--- Data excerpts Enclosed Below ---

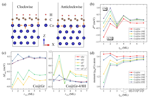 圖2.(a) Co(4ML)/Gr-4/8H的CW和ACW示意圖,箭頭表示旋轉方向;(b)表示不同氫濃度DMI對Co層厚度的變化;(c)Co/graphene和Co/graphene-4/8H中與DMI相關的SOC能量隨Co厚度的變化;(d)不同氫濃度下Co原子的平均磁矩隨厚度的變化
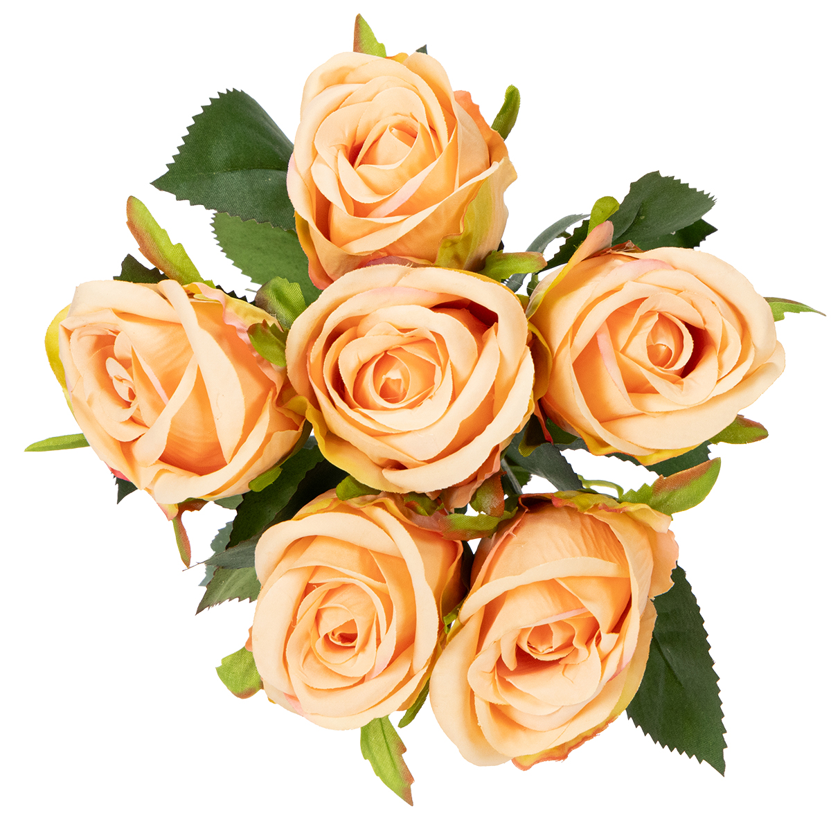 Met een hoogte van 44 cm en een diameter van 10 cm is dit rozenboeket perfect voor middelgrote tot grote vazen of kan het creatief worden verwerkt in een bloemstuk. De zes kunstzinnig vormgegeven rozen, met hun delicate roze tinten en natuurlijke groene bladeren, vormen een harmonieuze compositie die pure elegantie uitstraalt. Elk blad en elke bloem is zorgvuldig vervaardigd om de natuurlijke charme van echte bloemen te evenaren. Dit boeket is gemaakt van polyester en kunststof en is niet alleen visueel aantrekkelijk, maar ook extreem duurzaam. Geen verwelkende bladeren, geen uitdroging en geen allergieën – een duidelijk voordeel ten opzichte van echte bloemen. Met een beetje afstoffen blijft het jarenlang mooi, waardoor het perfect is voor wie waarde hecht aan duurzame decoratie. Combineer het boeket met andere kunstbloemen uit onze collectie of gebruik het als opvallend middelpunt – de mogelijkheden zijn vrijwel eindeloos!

--- End of Enclosed Data excerpts ---
--- Data excerpts Enclosed Below ---

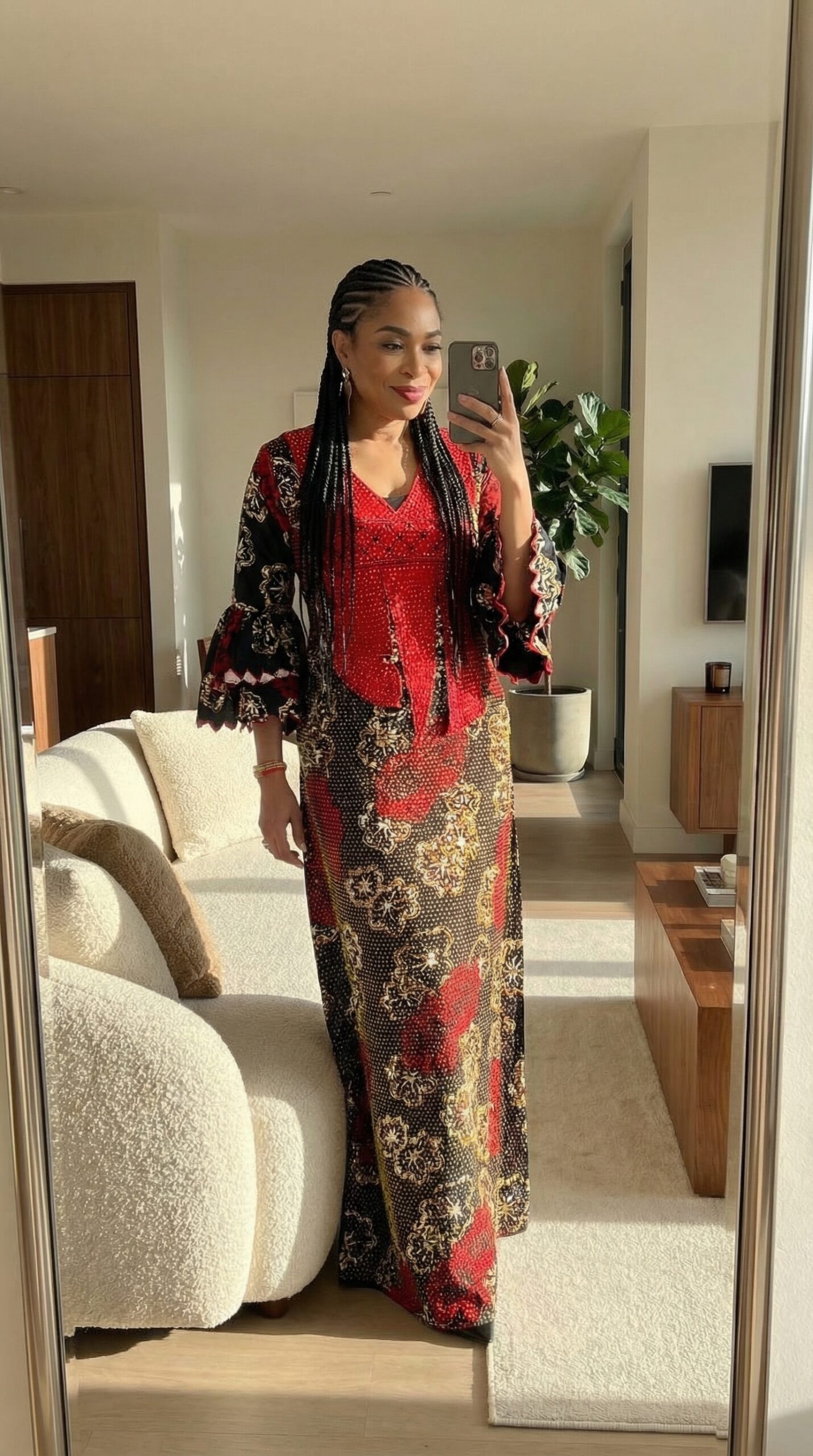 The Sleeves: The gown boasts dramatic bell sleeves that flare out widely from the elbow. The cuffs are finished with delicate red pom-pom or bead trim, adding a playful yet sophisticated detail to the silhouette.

--- End of Enclosed Data excerpts ---

■ Exercise requirements
Copy the listing above exactly, but only from the line with "圖2.(a) Co(4ML)" through the line with "Met een hoogte", including those two lines and excluding any picture.

■ Answer for this exercise
 圖2.(a) Co(4ML)/Gr-4/8H的CW和ACW示意圖,箭頭表示旋轉方向;(b)表示不同氫濃度DMI對Co層厚度的變化;(c)Co/graphene和Co/graphene-4/8H中與DMI相關的SOC能量隨Co厚度的變化;(d)不同氫濃度下Co原子的平均磁矩隨厚度的變化
 Met een hoogte van 44 cm en een diameter van 10 cm is dit rozenboeket perfect voor middelgrote tot grote vazen of kan het creatief worden verwerkt in een bloemstuk. De zes kunstzinnig vormgegeven rozen, met hun delicate roze tinten en natuurlijke groene bladeren, vormen een harmonieuze compositie die pure elegantie uitstraalt. Elk blad en elke bloem is zorgvuldig vervaardigd om de natuurlijke charme van echte bloemen te evenaren. Dit boeket is gemaakt van polyester en kunststof en is niet alleen visueel aantrekkelijk, maar ook extreem duurzaam. Geen verwelkende bladeren, geen uitdroging en geen allergieën – een duidelijk voordeel ten opzichte van echte bloemen. Met een beetje afstoffen blijft het jarenlang mooi, waardoor het perfect is voor wie waarde hecht aan duurzame decoratie. Combineer het boeket met andere kunstbloemen uit onze collectie of gebruik het als opvallend middelpunt – de mogelijkheden zijn vrijwel eindeloos!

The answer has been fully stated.